According to Floyd, the benefits of CPM-based dynamic guardbanding can be used to either boost performance or save energy. He claimed that IBM testing has shown that such a technique — all else being equal — can either allow a CPU to be overclocked by 7.3 per cent or have its power needs reduced by up to 15.8 per cent.
For you product-testing geeks out there, Floyd got these numbers from a 32-core IBM Power 750 Express Server with 64GB of memory, running SPECPower_ssj at 100 per cent load, and with the EnergyScale policy set at DPS-FP. On, and the ambient temp was 22°C.

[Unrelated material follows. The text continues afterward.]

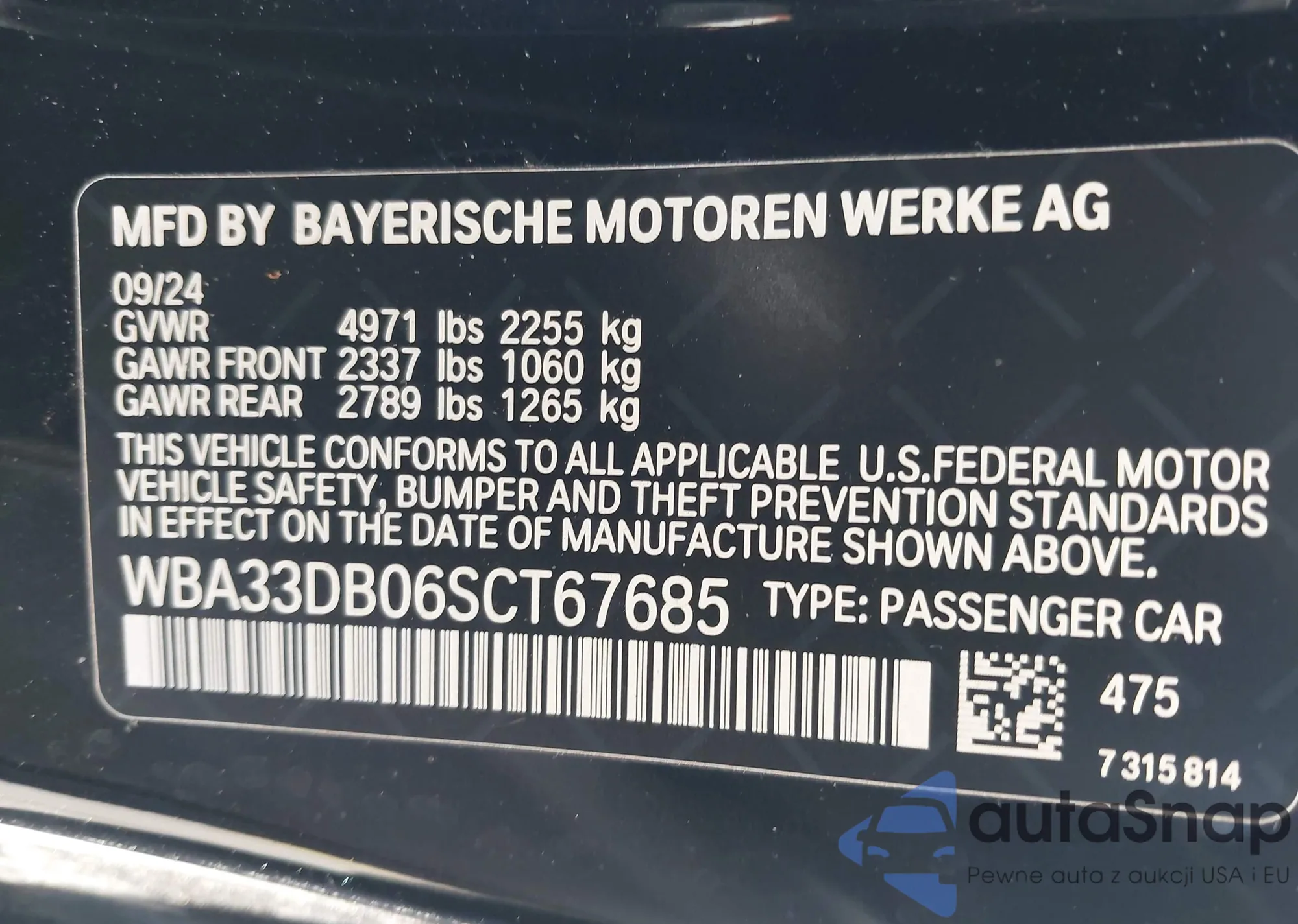 VIN: WBA33DB06SCT67685

A second autonomic feature in the Power7 EnergyScale scheme is low-activity detection (LAD), which drops processor frequency, thus saving power, when the processor has nothing better to do — for example, when running memory-bound workloads and waiting for data to arrive.

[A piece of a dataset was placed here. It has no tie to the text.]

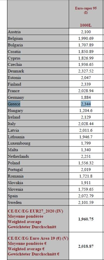 Όπως φαίνεται στον πίνακα από το Oil Bulletin της Ευρωπαϊκής Επιτροπής, με μέση τιμή 2,344 ευρώ το χιλιόλιτρο (2,34 ευρώ το λίτρο), η Ελλάδα έχει πλέον την ακριβότερη αμόλυβδη σε όλη την Ευρώπη.

"As you guys know," Floyd said to the geek-filled crowd, "a lot of workloads are memory-bound, or at least certain points in time are memory-bound, and you don't always need the full processor at peak frequency during those times. The interesting thing that we found ... is that systems that appear to be 100 per cent utilized when using traditional metrics to measure what the system's doing, actually are 100 per cent idle."
"This may sound counterintuitive at first, but if you're running an idle loop, or if you're polling a place in memory, you may be really busy but technically you're idle — and you're not getting a whole lot of work done," he said. Not good — a waste of power.
So when the LAD detects such a condition, it instructs the digital PLL (DPLL) to drop the frequency — which it can do at 25MHz resolution at an up-or-down speed of 50MHz per microsecond, dropping frequency by up to 50 per cent (or, in other scenarios, raising it by up to 10 per cent). This same effect can be accessed by software using a technique that Floyd called Green Polling.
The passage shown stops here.